Thanking in advance for your valuable time and suggestions on this one.
Best Regards,
DT
Solved! Go to Solution.
05-30-2022 11:42 AM
The Snowflake snaps have a setting called Handle Timestamp and Date Time Data
. Unfortunately, its default setting, Default Date Time format in UTC Time Zone
, has less-than-ideal behavior. The object type of the timestamp objects is java.sql.Timestamp, which will result in the odd inconsistencies you’re seeing between validation vs execution, and it’s also not a very usable type on the SnapLogic expression language.
I suggest changing this setting to the other option, SnapLogic Date Time format in Regional Time Zone
. This will convert the timestamps to the type org.joda.time.DateTime, the type that the SnapLogic EL functions are designed to deal with.
This option will also produce a DateTime with the default time zone of the plex node, which can complicate things if the node’s default timezone isn’t UTC. But based on what you’ve shown, your node’s default timezone is UTC, so this shouldn’t be a problem for you, fortunately.
After changing that setting, try using an expression like $Expire_Date.toLocaleDateTimeString({format: "yyyy-MM-dd'T'HH:mm:ss'Z'"})
.
Hope that helps.
05-31-2022 09:25 AM
Did adding the $ at the beginning of your expression help?
Allow me to explain a bit more about validation vs execution. This will be generally useful in your use of SnapLogic.

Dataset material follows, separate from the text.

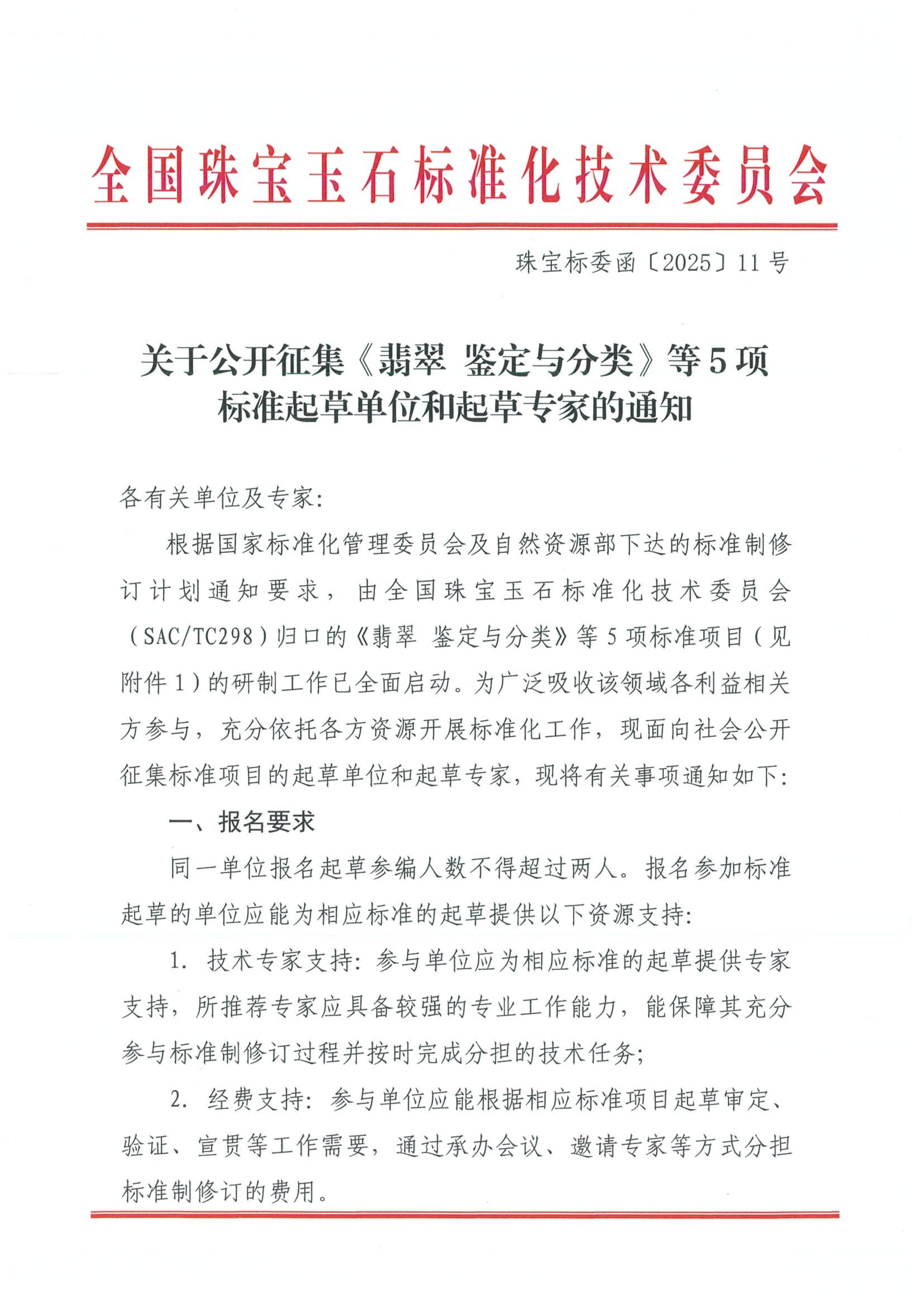 關(guān)于公開(kāi)征集《翡翠 鑒定與分類(lèi)》等5項(xiàng)標(biāo)準(zhǔn)起草單位和起草專(zhuān)家的通知

When you validate a pipeline, the SnapLogic platform will cache the preview output of each snap. On the next “regular” validation, it considers which snaps have been modified since the last validation, and will reuse the cached output of all snaps up until the first snap that was modified. It does this as an optimization to avoid re-executing potentially costly or time-consuming operations like Snowflake Execute. So when you’re modifying the Mapper and a new validation occurs, it’s operating on the cached preview data from the Snowflake Execute.

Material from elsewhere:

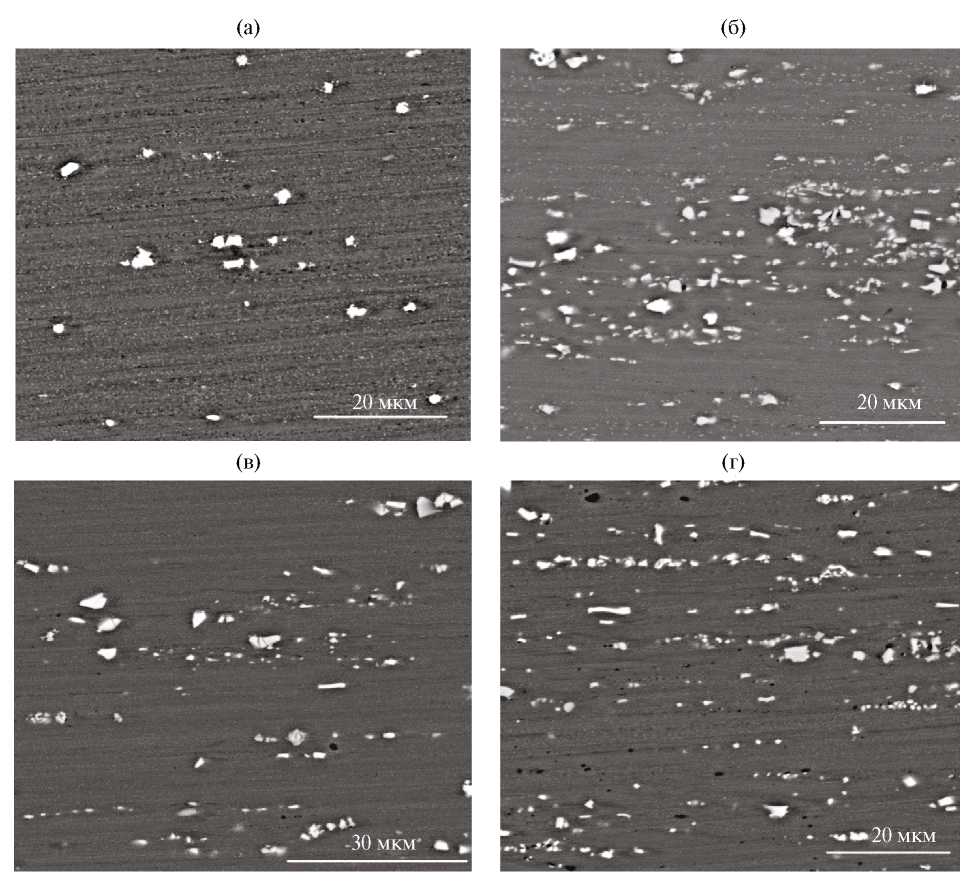 Рис. 4. Микроструктура слитков экспериментальных сплавов, СЭМ: (а) A-0; (б) A-1; (в) A-2; (г) A-3.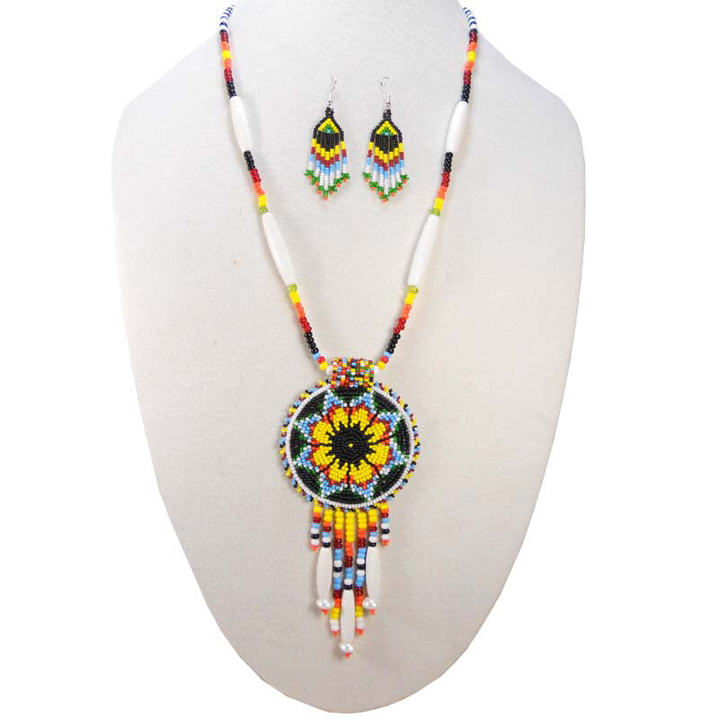 Black Yellow Seed Bead Long Star Medallion Handmade Necklace Earrings Set WCS

Usually, that invisible use of cached data during validation is a good thing. It makes designing pipelines faster by re-running only the modified snaps and the snaps downstream from those. Usually the results are consistent whether you’re validating with cached data or executing.
However, as you’ve witnessed, there can be subtle issues that arise from the use of cached data. This is because the caching mechanism is based on serializing the preview data to JSON format and then deserializing it when the cached data is used. JSON only has a few basic data types, which don’t include types like dates and timestamps. So if an output document uses objects of types that don’t correspond to native JSON types, SnapLogic will represent those objects using a custom JSON representation. For well-supported types like Joda DateTime, it will use a representation like this where the type key begins with “snaptype”:
{"_snaptype_datetime": "2022-03-14T15:24:24.974 -06:00"}
When the platform deserializes the JSON representation of the output document and encounters that object, it’s able to correctly restore a Joda DateTime object identical to the one that was serialized, so the downstream snaps will behave consistently regardless of whether cached data is used.
Unfortunately, some object types like java.sql.Timestamp are not well-supported by the serialization/deserialization of the caching mechanism, resulting in inconsistent behavior. This is the type used for timestamps when the Snowflake Execute’s “Handle…” setting is “Default Date Time Format…”. The serialized representation looks like this:
{"Timestamp": "2022-03-14T21:24:24.974+0000"}
Unfortunately, the platform does not know how to deserialize this cached representation to restore an identical java.sql.Timestamp object that was serialized. Instead, it will deserialize this as a Map containing a single key/value pair, exactly as shown in the JSON. So your transformations that depended on the presence of “Timestamp=” in the toString() representation or on the .Timestamp sub-object were relying on the mis-deserialized cached preview data and would only work in that context.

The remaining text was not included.